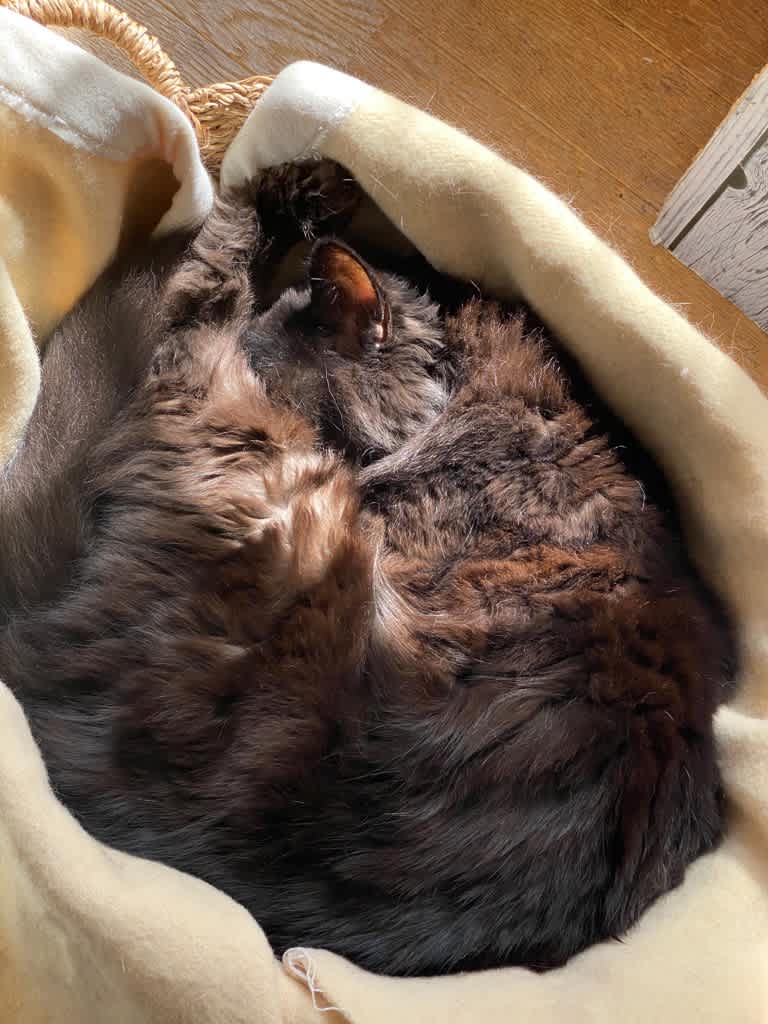 ひなたに置いたカゴの中で眠るKILIさん、穏やかでよろし。
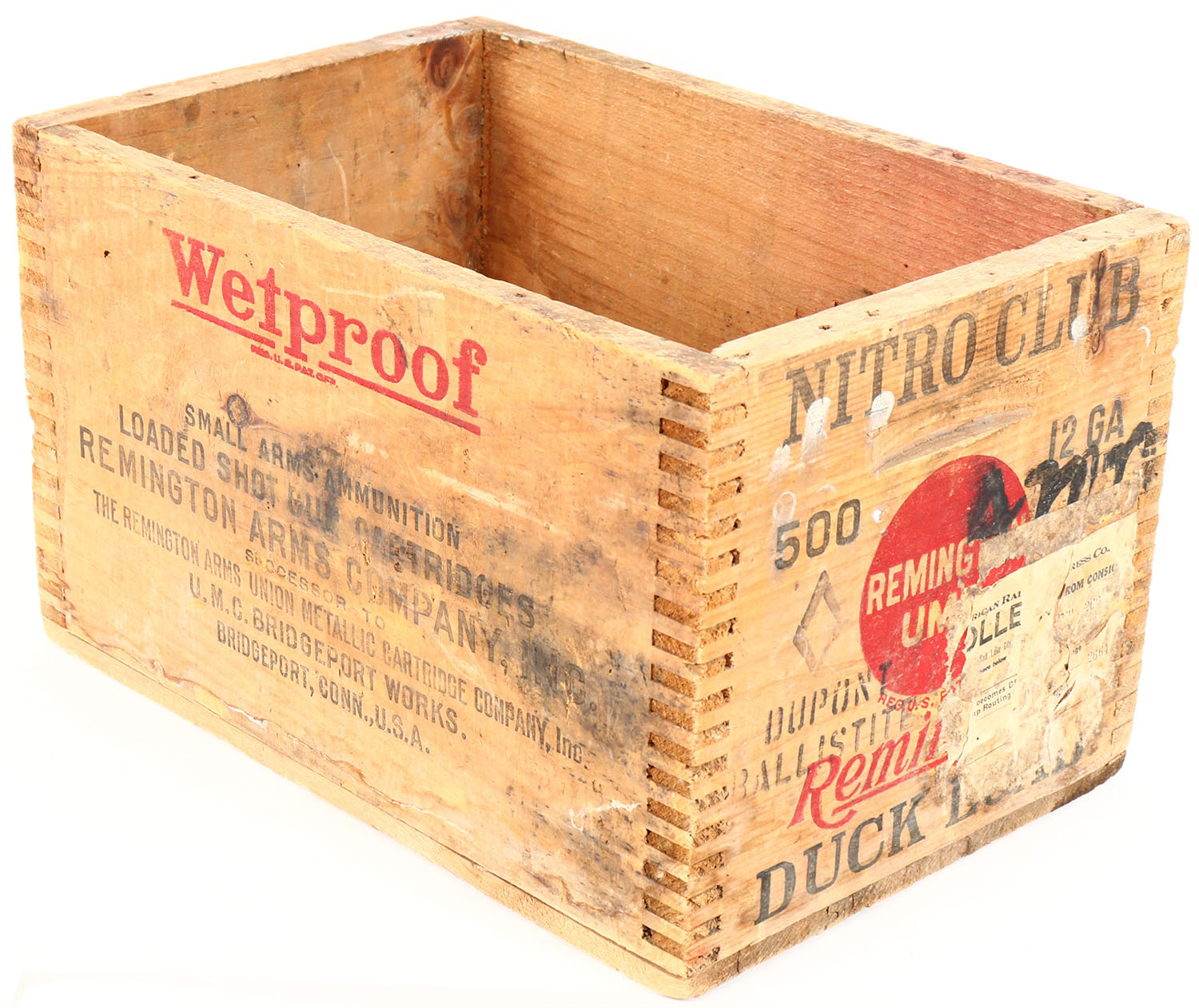 Remington UMC, 12 Ga., DUCK LOAD, red, & black print is faded in places and crate has age soiling. Grade: Very Good ++ - Value: 40 to 80
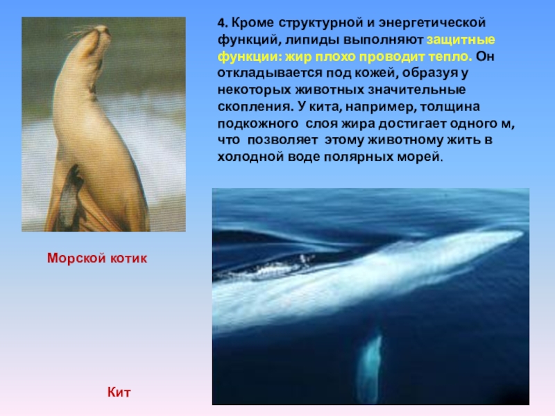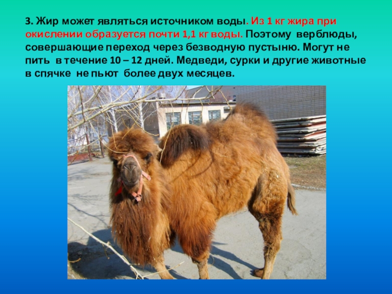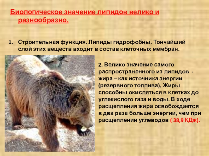 2. Велико значение самого распространенного из липидов - жира – как источника энергии (резервного топлива). Жиры способны окисляться в клетках до углекислого газа и воды. В ходе расщепления жира освобождается в два раза больше энергии, чем при расщеплении углеводов ( 38,9 КДж).

» **WORK REQUEST**: Word for word, restate the lines from the one containing "Remington UMC, 12" through the end of the listing, and nothing more. Skip the pictures.

» **ANSWER AREA**:
 Remington UMC, 12 Ga., DUCK LOAD, red, & black print is faded in places and crate has age soiling. Grade: Very Good ++ - Value: 40 to 80
 2. Велико значение самого распространенного из липидов - жира – как источника энергии (резервного топлива). Жиры способны окисляться в клетках до углекислого газа и воды. В ходе расщепления жира освобождается в два раза больше энергии, чем при расщеплении углеводов ( 38,9 КДж).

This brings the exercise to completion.